▶ [Data extract]:
BEGIN
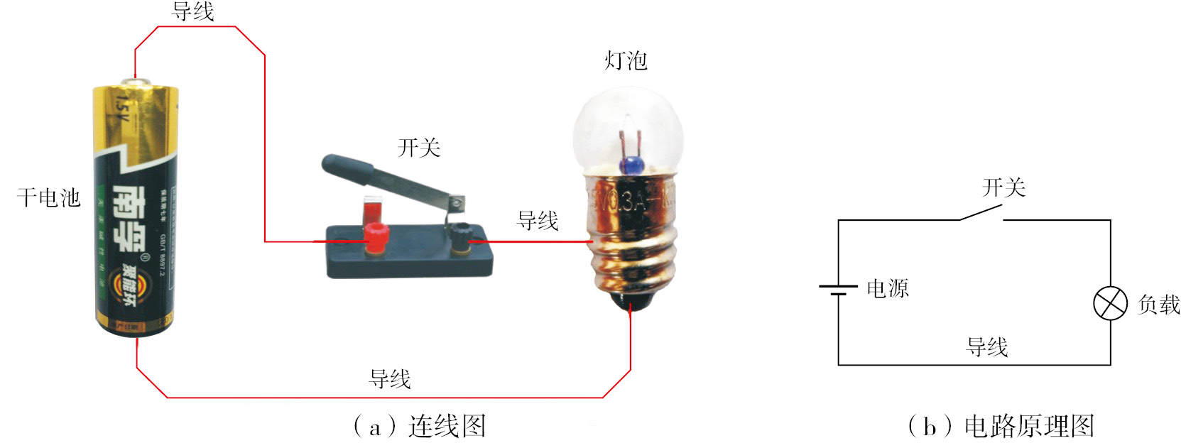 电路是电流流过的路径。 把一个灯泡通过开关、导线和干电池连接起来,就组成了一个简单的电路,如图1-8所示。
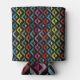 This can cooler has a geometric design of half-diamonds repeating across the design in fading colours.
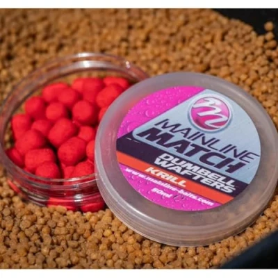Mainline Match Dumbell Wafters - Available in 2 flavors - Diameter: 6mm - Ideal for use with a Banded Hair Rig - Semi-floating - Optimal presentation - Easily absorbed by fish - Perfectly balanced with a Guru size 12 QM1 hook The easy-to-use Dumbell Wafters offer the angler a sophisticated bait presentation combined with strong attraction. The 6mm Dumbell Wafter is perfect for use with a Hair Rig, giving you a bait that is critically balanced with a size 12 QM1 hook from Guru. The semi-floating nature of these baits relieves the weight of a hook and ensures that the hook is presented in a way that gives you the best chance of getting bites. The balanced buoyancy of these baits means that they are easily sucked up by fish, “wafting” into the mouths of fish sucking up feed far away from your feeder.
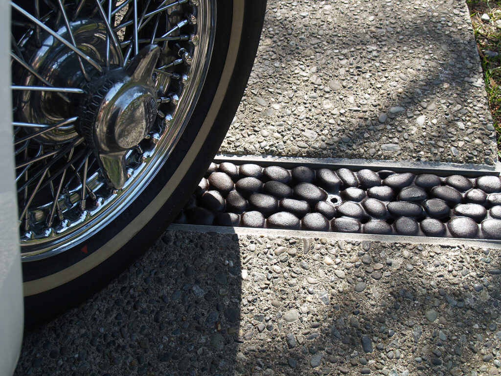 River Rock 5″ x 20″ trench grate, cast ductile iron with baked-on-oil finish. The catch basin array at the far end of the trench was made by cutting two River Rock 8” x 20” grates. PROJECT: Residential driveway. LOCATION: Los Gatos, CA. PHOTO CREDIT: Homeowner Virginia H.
END
Restate the full listing verbatim and drop every picture.

 电路是电流流过的路径。 把一个灯泡通过开关、导线和干电池连接起来,就组成了一个简单的电路,如图1-8所示。
 This can cooler has a geometric design of half-diamonds repeating across the design in fading colours.
Mainline Match Dumbell Wafters - Available in 2 flavors - Diameter: 6mm - Ideal for use with a Banded Hair Rig - Semi-floating - Optimal presentation - Easily absorbed by fish - Perfectly balanced with a Guru size 12 QM1 hook The easy-to-use Dumbell Wafters offer the angler a sophisticated bait presentation combined with strong attraction. The 6mm Dumbell Wafter is perfect for use with a Hair Rig, giving you a bait that is critically balanced with a size 12 QM1 hook from Guru. The semi-floating nature of these baits relieves the weight of a hook and ensures that the hook is presented in a way that gives you the best chance of getting bites. The balanced buoyancy of these baits means that they are easily sucked up by fish, “wafting” into the mouths of fish sucking up feed far away from your feeder.
 River Rock 5″ x 20″ trench grate, cast ductile iron with baked-on-oil finish. The catch basin array at the far end of the trench was made by cutting two River Rock 8” x 20” grates. PROJECT: Residential driveway. LOCATION: Los Gatos, CA. PHOTO CREDIT: Homeowner Virginia H.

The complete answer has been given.